╭──

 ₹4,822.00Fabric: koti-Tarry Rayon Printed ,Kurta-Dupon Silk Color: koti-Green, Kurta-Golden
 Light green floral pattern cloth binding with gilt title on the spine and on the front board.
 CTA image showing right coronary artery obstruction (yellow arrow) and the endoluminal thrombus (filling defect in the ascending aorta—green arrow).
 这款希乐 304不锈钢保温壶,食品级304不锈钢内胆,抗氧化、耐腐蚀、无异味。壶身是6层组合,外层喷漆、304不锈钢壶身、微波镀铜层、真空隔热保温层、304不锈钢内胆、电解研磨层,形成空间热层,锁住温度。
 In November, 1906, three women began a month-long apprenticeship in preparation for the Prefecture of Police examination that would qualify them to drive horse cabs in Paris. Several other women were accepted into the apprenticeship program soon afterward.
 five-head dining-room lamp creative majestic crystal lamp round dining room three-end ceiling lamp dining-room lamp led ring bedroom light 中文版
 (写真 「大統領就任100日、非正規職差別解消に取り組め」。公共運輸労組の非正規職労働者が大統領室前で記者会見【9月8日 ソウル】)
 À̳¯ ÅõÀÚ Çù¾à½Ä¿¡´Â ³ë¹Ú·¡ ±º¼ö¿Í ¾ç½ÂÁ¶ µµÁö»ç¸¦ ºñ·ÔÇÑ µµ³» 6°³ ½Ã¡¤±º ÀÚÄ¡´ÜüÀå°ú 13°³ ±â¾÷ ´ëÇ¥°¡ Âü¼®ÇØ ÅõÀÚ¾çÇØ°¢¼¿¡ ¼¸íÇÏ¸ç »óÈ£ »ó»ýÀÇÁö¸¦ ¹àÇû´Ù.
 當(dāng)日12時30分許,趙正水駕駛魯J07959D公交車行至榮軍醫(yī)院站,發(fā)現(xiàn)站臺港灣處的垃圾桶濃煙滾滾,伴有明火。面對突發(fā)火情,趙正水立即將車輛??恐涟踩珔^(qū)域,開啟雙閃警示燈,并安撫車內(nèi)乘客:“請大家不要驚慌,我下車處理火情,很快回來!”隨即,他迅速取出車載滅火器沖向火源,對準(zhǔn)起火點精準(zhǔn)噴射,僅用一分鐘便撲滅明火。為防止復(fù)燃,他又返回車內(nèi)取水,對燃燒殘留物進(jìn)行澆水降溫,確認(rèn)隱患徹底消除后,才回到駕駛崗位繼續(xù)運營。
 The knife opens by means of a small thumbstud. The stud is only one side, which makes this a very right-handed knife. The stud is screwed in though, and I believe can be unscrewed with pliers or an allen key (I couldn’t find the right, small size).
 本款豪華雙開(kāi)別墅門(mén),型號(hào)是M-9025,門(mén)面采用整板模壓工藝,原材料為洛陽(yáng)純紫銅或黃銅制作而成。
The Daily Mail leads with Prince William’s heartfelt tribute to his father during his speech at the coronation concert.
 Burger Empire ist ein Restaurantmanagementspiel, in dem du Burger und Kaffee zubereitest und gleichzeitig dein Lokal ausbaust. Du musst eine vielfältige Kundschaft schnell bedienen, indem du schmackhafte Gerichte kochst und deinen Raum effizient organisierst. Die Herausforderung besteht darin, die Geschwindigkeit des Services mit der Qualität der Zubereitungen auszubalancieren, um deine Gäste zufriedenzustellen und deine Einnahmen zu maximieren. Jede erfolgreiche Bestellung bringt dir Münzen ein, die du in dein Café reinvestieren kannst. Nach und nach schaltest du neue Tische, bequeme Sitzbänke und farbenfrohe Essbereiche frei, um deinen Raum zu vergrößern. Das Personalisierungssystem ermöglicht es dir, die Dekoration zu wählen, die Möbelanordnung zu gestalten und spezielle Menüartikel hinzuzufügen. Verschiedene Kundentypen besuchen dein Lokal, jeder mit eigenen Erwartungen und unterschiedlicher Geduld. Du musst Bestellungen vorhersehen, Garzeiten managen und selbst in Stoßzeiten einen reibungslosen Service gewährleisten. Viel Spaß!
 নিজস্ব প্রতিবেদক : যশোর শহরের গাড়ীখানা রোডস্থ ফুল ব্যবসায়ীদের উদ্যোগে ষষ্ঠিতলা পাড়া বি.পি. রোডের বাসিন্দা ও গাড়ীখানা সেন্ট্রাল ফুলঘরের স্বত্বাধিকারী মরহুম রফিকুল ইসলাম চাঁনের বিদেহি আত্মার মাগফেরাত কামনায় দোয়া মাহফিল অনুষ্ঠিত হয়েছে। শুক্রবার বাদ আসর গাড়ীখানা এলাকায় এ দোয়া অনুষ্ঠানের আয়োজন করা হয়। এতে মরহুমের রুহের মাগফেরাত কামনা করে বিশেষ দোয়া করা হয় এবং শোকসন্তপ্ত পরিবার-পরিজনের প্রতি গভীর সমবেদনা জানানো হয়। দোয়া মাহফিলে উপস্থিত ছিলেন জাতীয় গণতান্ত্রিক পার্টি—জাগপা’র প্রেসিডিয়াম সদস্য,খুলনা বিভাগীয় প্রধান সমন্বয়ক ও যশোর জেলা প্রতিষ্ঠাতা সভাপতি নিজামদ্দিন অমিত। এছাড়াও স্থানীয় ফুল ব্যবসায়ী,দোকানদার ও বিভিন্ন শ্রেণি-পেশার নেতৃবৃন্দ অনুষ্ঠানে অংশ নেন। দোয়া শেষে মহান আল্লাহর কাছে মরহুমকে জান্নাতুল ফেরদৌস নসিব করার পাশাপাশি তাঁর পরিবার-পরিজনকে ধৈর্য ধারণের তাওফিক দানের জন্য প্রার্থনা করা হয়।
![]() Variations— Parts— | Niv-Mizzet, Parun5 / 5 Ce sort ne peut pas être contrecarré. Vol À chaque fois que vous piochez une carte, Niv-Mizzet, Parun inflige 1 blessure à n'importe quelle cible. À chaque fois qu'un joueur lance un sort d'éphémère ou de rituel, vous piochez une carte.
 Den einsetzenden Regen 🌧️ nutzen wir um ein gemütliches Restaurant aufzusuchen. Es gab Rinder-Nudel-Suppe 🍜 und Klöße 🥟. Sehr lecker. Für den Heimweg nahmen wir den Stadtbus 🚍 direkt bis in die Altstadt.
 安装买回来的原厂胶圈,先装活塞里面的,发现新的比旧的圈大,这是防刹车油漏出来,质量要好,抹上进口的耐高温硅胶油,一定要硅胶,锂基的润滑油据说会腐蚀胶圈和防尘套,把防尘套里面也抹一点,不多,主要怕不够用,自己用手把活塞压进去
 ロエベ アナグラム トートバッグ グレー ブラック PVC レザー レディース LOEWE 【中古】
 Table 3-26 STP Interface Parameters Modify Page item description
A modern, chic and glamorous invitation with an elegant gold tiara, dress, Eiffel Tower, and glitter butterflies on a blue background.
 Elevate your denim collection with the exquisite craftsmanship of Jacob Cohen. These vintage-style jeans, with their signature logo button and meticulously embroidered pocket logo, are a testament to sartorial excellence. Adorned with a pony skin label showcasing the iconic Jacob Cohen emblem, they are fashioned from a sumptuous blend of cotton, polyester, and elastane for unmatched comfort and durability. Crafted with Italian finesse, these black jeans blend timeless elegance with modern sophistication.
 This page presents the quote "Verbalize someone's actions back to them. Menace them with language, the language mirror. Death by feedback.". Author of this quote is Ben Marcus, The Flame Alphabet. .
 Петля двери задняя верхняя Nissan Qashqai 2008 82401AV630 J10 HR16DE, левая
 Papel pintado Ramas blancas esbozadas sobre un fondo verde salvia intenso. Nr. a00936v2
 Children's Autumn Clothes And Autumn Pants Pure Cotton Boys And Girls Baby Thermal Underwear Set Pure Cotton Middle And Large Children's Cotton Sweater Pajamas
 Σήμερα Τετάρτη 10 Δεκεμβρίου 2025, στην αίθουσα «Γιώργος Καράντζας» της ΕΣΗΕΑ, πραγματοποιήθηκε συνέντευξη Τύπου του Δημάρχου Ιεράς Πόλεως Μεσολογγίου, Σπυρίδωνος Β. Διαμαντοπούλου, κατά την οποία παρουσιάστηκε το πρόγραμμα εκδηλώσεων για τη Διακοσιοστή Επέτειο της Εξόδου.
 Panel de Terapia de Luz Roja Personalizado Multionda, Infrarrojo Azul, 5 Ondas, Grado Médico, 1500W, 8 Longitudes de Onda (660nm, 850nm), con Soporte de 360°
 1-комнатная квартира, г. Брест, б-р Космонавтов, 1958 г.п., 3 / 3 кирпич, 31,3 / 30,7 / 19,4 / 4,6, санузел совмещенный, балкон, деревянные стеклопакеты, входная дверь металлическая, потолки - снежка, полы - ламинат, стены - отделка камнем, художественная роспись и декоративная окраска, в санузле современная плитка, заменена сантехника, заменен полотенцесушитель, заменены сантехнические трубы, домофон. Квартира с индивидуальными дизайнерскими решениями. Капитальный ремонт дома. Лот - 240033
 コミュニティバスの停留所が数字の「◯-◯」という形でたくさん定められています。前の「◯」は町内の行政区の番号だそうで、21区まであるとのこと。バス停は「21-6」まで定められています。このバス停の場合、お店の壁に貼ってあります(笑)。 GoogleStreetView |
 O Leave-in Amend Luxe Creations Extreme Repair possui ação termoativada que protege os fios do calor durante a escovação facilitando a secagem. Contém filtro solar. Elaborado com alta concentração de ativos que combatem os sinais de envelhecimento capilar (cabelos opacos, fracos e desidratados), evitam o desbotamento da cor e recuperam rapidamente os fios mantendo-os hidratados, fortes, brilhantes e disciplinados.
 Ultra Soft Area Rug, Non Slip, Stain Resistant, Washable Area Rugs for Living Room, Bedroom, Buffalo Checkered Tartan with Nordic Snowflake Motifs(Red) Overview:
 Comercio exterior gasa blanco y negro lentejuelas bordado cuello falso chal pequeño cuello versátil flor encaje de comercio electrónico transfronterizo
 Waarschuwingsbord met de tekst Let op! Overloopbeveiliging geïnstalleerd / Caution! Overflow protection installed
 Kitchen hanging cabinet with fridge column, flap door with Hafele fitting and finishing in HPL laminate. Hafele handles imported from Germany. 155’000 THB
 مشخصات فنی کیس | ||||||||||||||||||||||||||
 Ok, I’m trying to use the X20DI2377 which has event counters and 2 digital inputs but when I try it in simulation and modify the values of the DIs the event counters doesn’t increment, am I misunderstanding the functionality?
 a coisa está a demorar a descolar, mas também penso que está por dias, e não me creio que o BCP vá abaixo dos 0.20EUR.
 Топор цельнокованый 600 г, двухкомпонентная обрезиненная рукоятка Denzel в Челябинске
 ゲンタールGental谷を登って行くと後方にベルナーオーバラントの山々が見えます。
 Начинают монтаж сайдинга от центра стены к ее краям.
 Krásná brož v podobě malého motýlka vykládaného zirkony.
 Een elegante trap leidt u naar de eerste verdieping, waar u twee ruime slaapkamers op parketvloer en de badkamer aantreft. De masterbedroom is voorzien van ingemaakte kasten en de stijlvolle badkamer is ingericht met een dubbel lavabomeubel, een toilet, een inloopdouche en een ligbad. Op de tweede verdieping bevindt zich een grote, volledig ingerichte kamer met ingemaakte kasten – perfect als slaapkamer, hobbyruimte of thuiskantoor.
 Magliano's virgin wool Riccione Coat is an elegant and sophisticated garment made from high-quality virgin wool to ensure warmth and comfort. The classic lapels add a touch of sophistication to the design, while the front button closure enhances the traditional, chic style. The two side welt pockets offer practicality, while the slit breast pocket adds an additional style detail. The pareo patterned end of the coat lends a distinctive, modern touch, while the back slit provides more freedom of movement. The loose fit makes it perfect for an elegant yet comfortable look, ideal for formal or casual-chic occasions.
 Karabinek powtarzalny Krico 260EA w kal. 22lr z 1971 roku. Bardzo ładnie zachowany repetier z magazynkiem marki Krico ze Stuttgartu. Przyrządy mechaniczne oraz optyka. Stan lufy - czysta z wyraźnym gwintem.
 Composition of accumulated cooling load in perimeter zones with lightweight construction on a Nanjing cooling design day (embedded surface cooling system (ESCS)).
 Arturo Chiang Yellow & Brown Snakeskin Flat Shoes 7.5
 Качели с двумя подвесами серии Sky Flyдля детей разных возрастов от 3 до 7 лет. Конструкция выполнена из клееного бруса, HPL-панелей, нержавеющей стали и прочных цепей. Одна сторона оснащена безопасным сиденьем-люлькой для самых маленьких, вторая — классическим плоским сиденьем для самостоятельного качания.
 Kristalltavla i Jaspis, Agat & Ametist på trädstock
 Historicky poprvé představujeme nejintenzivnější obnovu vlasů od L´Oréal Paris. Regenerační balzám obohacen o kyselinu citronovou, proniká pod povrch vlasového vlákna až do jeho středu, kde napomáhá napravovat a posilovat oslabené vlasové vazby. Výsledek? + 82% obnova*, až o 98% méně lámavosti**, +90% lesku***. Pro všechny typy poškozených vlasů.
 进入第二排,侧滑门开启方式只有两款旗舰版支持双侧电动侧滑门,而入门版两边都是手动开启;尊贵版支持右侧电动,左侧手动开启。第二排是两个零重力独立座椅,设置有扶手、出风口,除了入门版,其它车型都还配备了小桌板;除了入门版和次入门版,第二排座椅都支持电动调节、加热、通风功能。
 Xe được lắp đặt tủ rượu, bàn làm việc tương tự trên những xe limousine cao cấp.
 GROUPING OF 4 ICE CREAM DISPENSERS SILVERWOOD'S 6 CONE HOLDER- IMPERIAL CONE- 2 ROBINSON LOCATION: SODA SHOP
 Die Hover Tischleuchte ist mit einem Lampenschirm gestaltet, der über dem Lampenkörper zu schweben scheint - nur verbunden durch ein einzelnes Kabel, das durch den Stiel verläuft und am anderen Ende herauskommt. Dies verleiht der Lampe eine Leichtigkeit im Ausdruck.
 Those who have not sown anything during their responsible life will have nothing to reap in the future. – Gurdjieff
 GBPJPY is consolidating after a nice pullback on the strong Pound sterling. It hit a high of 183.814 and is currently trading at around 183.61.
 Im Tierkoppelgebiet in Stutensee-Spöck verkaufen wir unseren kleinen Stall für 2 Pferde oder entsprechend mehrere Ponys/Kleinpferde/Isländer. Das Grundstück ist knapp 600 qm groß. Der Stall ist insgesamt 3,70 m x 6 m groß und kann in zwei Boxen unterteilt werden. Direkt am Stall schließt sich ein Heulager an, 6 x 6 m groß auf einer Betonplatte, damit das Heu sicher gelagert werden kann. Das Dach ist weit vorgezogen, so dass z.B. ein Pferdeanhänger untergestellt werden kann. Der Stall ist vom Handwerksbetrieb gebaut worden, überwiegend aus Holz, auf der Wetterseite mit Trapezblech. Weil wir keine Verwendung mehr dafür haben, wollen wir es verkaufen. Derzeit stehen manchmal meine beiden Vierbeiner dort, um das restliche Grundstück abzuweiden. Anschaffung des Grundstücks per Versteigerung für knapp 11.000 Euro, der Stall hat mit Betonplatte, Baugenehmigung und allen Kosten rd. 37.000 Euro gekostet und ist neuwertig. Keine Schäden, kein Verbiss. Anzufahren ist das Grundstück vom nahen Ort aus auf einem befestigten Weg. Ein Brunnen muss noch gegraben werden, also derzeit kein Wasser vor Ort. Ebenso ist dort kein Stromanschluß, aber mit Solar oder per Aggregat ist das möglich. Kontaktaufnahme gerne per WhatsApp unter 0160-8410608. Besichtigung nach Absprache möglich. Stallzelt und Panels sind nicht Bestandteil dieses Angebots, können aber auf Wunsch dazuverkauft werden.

╰──

_Exercise requirements_. Above this instruction are the records; retype exactly the lines from the one containing "ロエベ アナグラム トートバッグ" up to and including the one containing "This page presents".

_Exercise answer_.
 ロエベ アナグラム トートバッグ グレー ブラック PVC レザー レディース LOEWE 【中古】
 Table 3-26 STP Interface Parameters Modify Page item description
A modern, chic and glamorous invitation with an elegant gold tiara, dress, Eiffel Tower, and glitter butterflies on a blue background.
 Elevate your denim collection with the exquisite craftsmanship of Jacob Cohen. These vintage-style jeans, with their signature logo button and meticulously embroidered pocket logo, are a testament to sartorial excellence. Adorned with a pony skin label showcasing the iconic Jacob Cohen emblem, they are fashioned from a sumptuous blend of cotton, polyester, and elastane for unmatched comfort and durability. Crafted with Italian finesse, these black jeans blend timeless elegance with modern sophistication.
 This page presents the quote "Verbalize someone's actions back to them. Menace them with language, the language mirror. Death by feedback.". Author of this quote is Ben Marcus, The Flame Alphabet. .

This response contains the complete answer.